あんなことやって、こんなふうになって...
みたいなことを妄想してると楽しかったりする時がある。公開当時、映画館を出るやいなや友達同士で「俺が天才だったら論」を言いまくってたのを思い出した。感動作としての余韻に浸ることは一切無く、この天才の使い道はもったいなさすぎる!の一点張りだった。あとはせいぜいタイトルの Good will hunting について、こんな文法おかしいだろと思ってたら人の名前だったのかよってアホな話しをしてたくらいなもんで。正直言って、なんでこんなのが評価高いのかと不思議でならなかった。
でも、20年以上ぶりに観返してみたら、目線が違うところにいってて、印象が変わってきた。このクソガキのウィル・ハンティングをどうやって窘めていくんだろうかと考えながら、名優ロビン・ウィリアムズが演じた心理学者(カウンセラー、セラピスト)のショーンの側で見つめていくうち、ようやくこの主人公ウィルの心の内に関心がいくようになってきて、はぁー何てよく出来た話しなんだよって思えるようになった。

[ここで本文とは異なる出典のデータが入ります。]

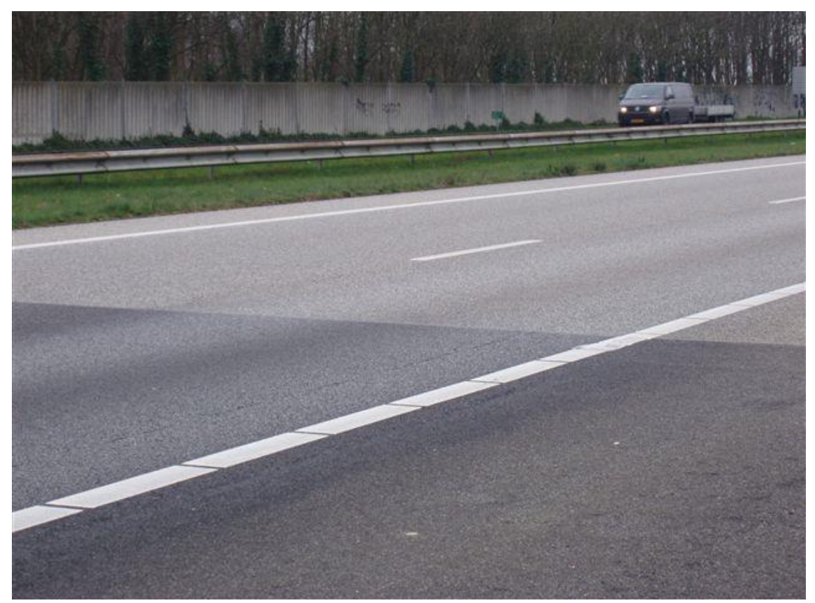
Figure 12: Detail transition between section B and C, February 2014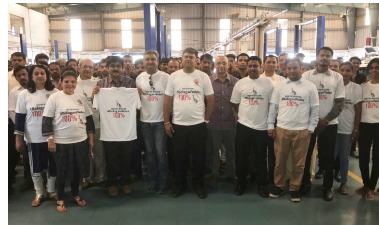
Promoting the importance of voting and creating awareness in "Belagavi Votes 100%" campaign.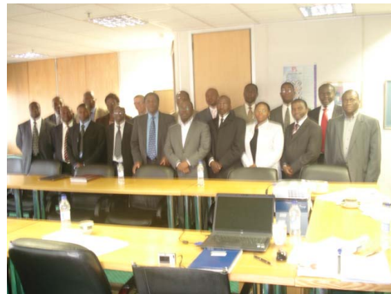
Some of the delegates that attended the SADC Power Steering Committee meeting at SAPP CC.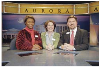
Media Day Session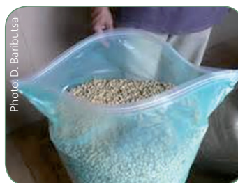
Figure 5: GrainPro sack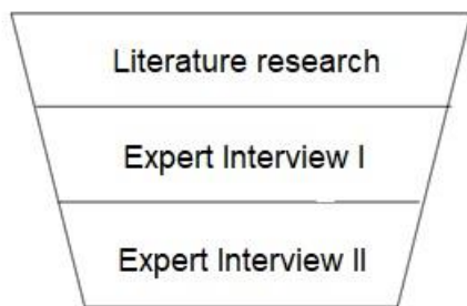
Figure 4: Sequence of data collection

Figure 4 illustrates the data collection flow used in this Bachelor Thesis. Data collection process forms a so-called funnel, which begins with a lot of collected data which is getting dramatically reduced at the end of work.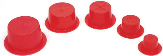
Adhesive Retaining Caps

Adhesive retaining caps make overhead and horizontal installation easier by preventing the adhesive from running out of the hole. They also center the rod in the hole, making them ideal for applications where precise anchor placement is required. It may be necessary to provide support for the anchor during cure time. Adhesive retaining caps are not designed to support the weight of the anchor in overhead installations. Adhesive retaining caps should be used for horizontal and overhead adhesive installations. ARCs may be used in conjunction with the Piston Plug Delivery system.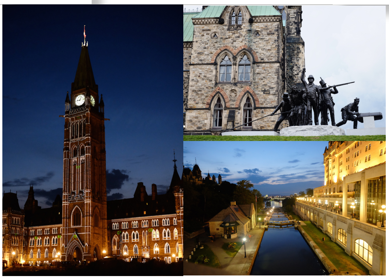
Canada celebrates 150 birthday 加拿大庆祝立国 150 周年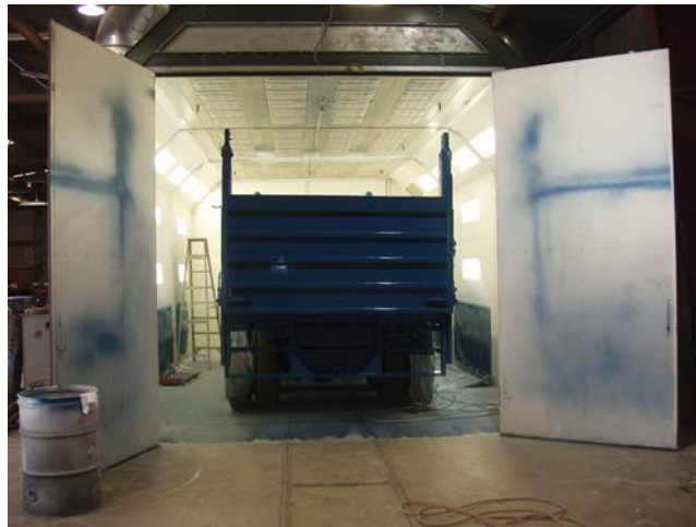
Nuisance Paint Fumes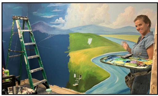
YUMA Yuma club built a sensory room for kids with sensory challenges.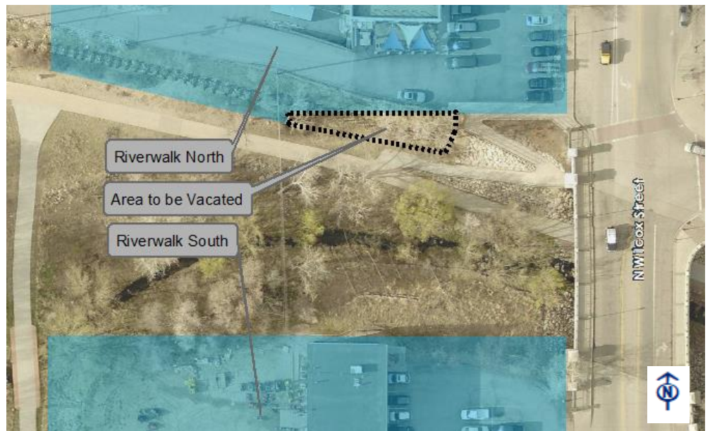
Riverwalk North Portion of Second Street Right-of-Way to be Vacated

Confluence Companies, the owner and developer of Riverwalk, is requesting a vacation of a small portion of Second Street to accommodate the expansion of an outdoor patio along the south property line of Riverwalk North. The Second Street right-of-way on the west side of Wilcox Street does not include street improvements due to the gulch. The Town trail is included within this right-of-way. However, the trail is not located within this proposed vacation area and would remain in Town ownership.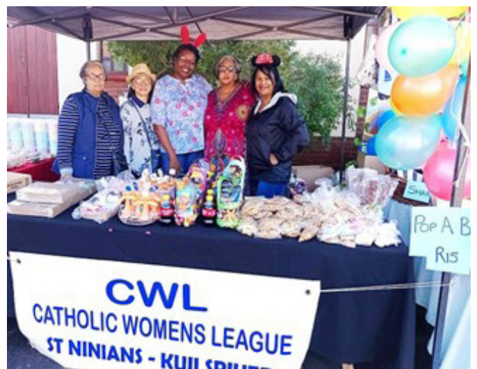
CWL Kuilsriver, Cape Town at their food fair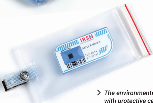
➤ The environmental dosimeter with protective case for outdoor use

脚本は、今や大スターのマット・デイモンとベン・アフレックの共作。そこが凄い。
(ちなみにこの2人とともにベンの弟ケイシー・アフレックも出演しているが、そう言われてもわからないほど初々しさに溢れてる)
ウィルもショーンも過去の体験から心に深い傷を負っていて、なかなか前に進もうとできないでいるが、そんな2人が次第に心を通い合わせて対話を重ねていくうちに、お互いがお互いのことを理解し合うようになり、各々が今の自分と向き合うようになって、ようやく未来への一歩を踏み出していくというお話し。言ってみればただそれだけのシンプルな展開なんだけど、その心理面の描き方がとても繊細なところを突いていて、これまた屈折してしまった男の歯痒い部分というやつに引き寄せられてしまって、もはや人ごととは思えず共感せざるを得なかった。
天才ゆえの苦悩ではなくて、無知ゆえの煩悩
外の世界を恐がり、安全な場所から抜け出せない
心を閉ざしたままの臆病な男
そんな主人公のキャラクターを印象付けているのがエリオット・スミスの楽曲。今は亡き人、もっと評価されるべきアーティスト。グランジ/オルタナの香りがプンプンとして、陰鬱で暗いんだけど、どこか希望をも感じさせてくれるところがあって、ストーリーにばっちりハマってると思う。『タイタニック』のあの曲が無かったらオスカー獲れてたのに。でも、逆に一番じゃない方が良かったのかなって気もする。蓮舫さんが言った意味でじゃなくて、分相応のかっこよさという意味で。生き様には人それぞれの輝き方があるんだってことを考えながら、この物語とこの音楽を聴いていると、その共鳴が心地良く感じられる。